La face cachée de l'Uberisation

"Uberiser" est un mot à la mode que beaucoup perçoivent comme une bonne chose. Le marketing n'hésite d'ailleurs pas à l'employer à tout va pour imaginer les nouveaux marchés de demain.

Quand on parle d'Uberiser, on parle finalement de révolutionner un secteur d'activités en se basant sur ce que l'Américaine Uber a imposé au secteur très cadré des taxis. Dans l'esprit de nombreux entrepreneurs "révolutionner" est hyper positif : on va tout revoir, en mieux, en s'appuyant sur les nouvelles technologies et recentrant le business sur le client... Bref : "on va bouger les lignes !". Mais il faut garder à l'esprit qu'une révolution se fait toujours avec pertes et fracas, ce que beaucoup de gens semblent oublier. Les révolutionnaires et les révolutionnés doivent se préparer à en payer le prix.

Avec l'uberisation beaucoup croient voir de nouvelles opportunités sur des marchés normalement verrouillés en s'imposant comme l'a fait Uber avec les taxis, et en étant finalement prêts à violer des règles, des lois et en assumer plus ou moins les conséquences. Mais rappelons que si des règles existent ce n'est jamais sans raison et en France, quoi qu'on en dise, les règles sont théoriquement là pour protéger ou tout du moins encadrer. Lorsque l'on veut révolutionner un marché (comme l'a fait Uber), on peut donc oublier des règles imposées, du moins le temps que le législateur réagisse.

Quand le législateur réagit, les sanctions tombent : ainsi le service UberPop a été interdit en juillet 2015 et la société Uber condamnée à payer 800 000 euros d'amende en juin 2016. Il aura fallu plus d'un an et demi pour que le législateur réagisse face à ce service totalement illégal.
Ceci dit il faut un temps conséquent pour que le législateur intervienne. Uber est désormais valorisée 60 milliards de dollars, et une sanction financière de 800 000 euros peut sembler une goutte d'eau et n'empêche pas, en tout cas, que se poursuivre la révolution. Aujourd'hui Uber prospère même sans UberPop.
Pour autant, Uber doit affronter de nombreux procès : elle est attaquée de toutes parts pour ces méthodes agressives vis-à-vis du marché du travail et des règles des transports, et ce, dans plusieurs pays. (Californie, Canada, Suisse, Inde...)

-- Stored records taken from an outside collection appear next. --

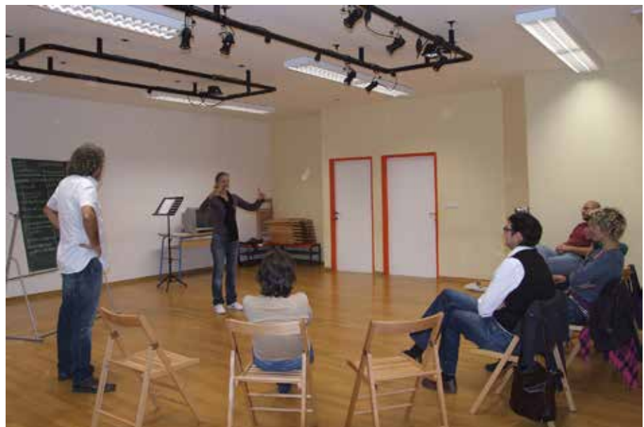
slika desno: radionica poezije na znakovnom jeziku „Visual Vernacular“ za gluhe i nagluhe osobe u vodstvu talijanskog performeru Giuseppea Giuranne
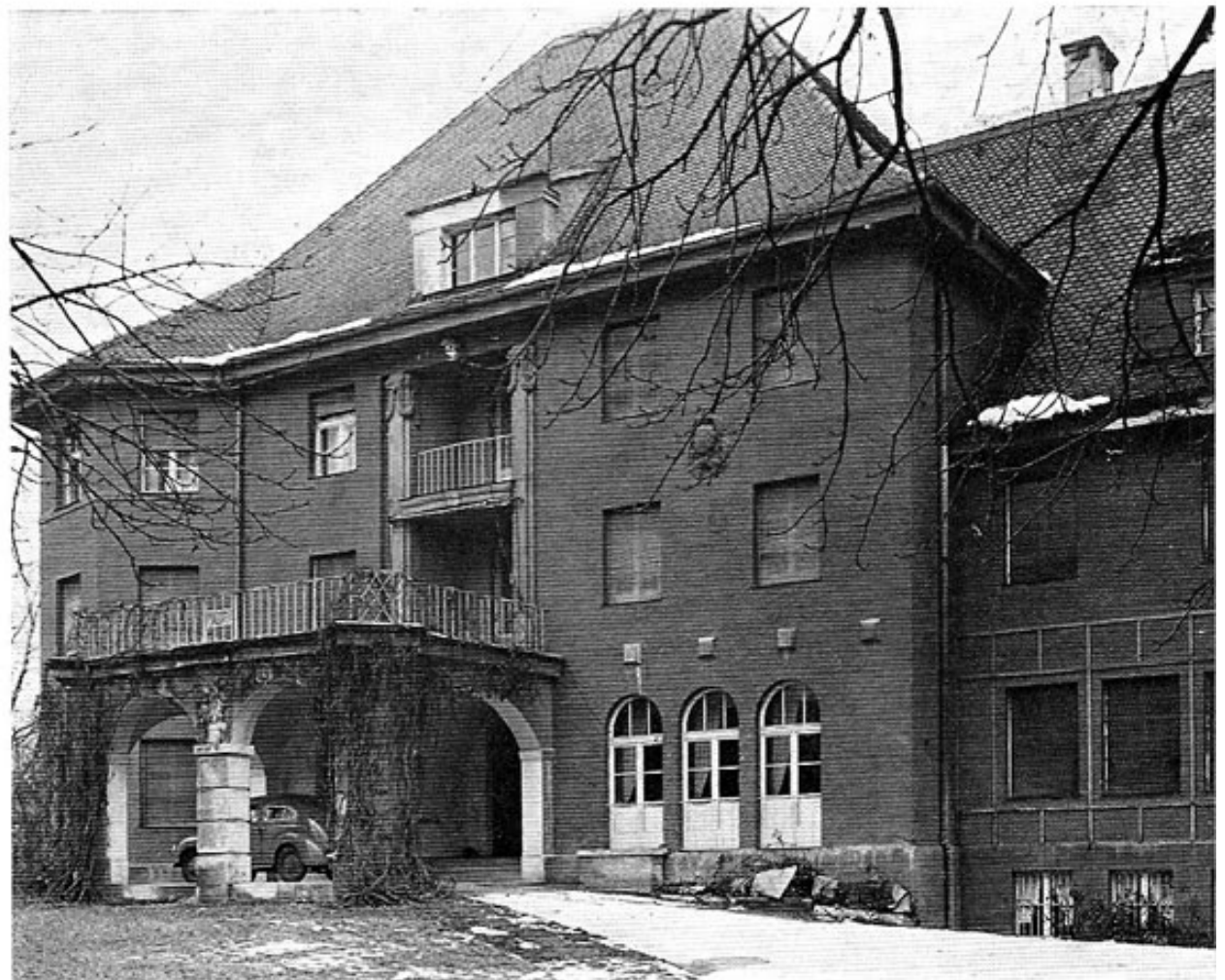
Das Dachauer Moorbad im Jahre 1951.

Der Oberpostdirektion München, die seinerzeit auf der Suche nach einem geeigneten Gebäude zur Einrichtung einer Postschule war, wurde das Moorbad am 16. Februar 1951 zum Kauf angeboten. Nach kurzen Verhandlungen wurde das 14 071 qm große Grundstück samt Gebäudeteilen und Inventar am 13. April 1951 zum Preis von rund 400 000 DM von der Deutschen Bundespost erworben.
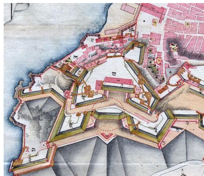
Η θέση της κορτίνα στο χάρτη Ganassa, τέλη του 18 ου αι.
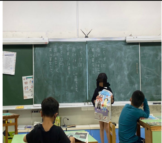
學生 C 上台發表
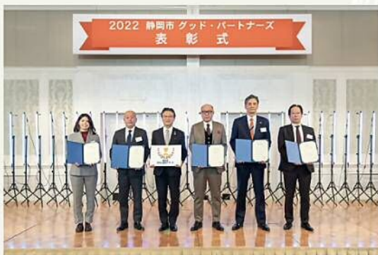
令和4年度 表彰式の様子

事業所・団体間の連携促進のため、ご応募いただいたすべての取組を事例集として公表・配布します
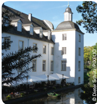
Schloss Borbeck in Essen
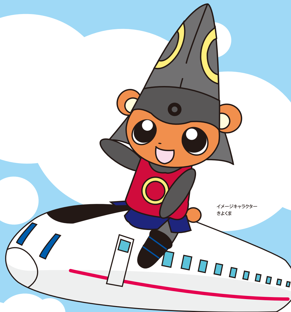
イメージキャラクター きよくま
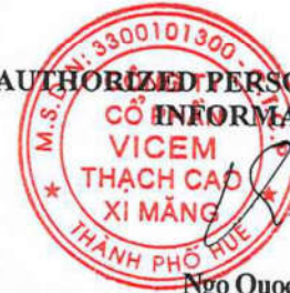
Ngô Quốc Việt
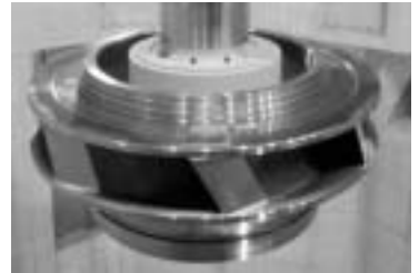
図11 立軸フランシス形ポンプ水車 (京極発電所)

La révolution a bien sûr des côtés positifs et il faut reconnaître qu'Uber en France a fait rentrer sur le marché du travail de nombreux sans-emploi devenus chauffeurs, activité jusque là difficile d'accès vu les conditions exigées pour devenir taxi. Heureux de conduire des berlines et d'avoir une activité ils ont été nombreux dans un premier à participer à la révolution du secteur. Tant pis pour les taxis dont certains ont même rejoint la lutte en devenant également des chauffeurs VTC associés à Uber... D'autres activités sont même apparues comme des loueurs spécialisés dans les Berlines mises à dispositions des nouveaux conducteurs d'Uber. Le secteur des taxis parfois critiqué pour ses indélicatesses et son laxisme s'est aussi vu fortement secoué et ainsi forcé de s'adapter et revoir ses méthodes vis-à-vis de ses clients.

Le révolutionnaire du monde du taxi semble avoir gagné... Mais comme toujours le succès fait tourner la tête ou aiguise les appétits et Uber, désormais grand décideur d'une armée de chauffeurs qui dépendent de lui et de son application Waze adaptée à l'activité de la société, sans aucune consultation décide la hausse à 25% de la commission. Si les chauffeurs ne sont pas contents, ils peuvent toujours aller voir ailleurs (ou manifester comme jeudi - ils ne peuvent pas faire grève puisque pas salariés).

Tout ceci, c'est l'histoire rapidement retracée d'Uber... et cette révolution libérale va continuer longtemps, mais avec de plus en plus de victimes. L'action finale d'Uber étant de se passer des chauffeurs pour exploiter des véhicules autonomes... En faisant sauter toutes les règles, l'automatisation à 100% peut arriver beaucoup plus vite puisque l'entreprise pourra facilement se séparer de ses collaborateurs indépendants qui ne sont pas directement rattachés à l'entreprise (autoentrepreneurs). Au revoir l'emploi.

Le problème devient plus important puisque d'autres sociétés se vantent de vouloir Uberiser et donc reproduire plus ou moins toute cette façon de faire dans de nombreux secteurs plus ou moins cadrés.

Amazon expérimente Amazon Go un super marché totalement déshumanisé ou tout se fait via smartphone... Cela va pousser les autres magasins à poursuivre l'installation de caisses automatiques et accélérer la disparition de certains emplois.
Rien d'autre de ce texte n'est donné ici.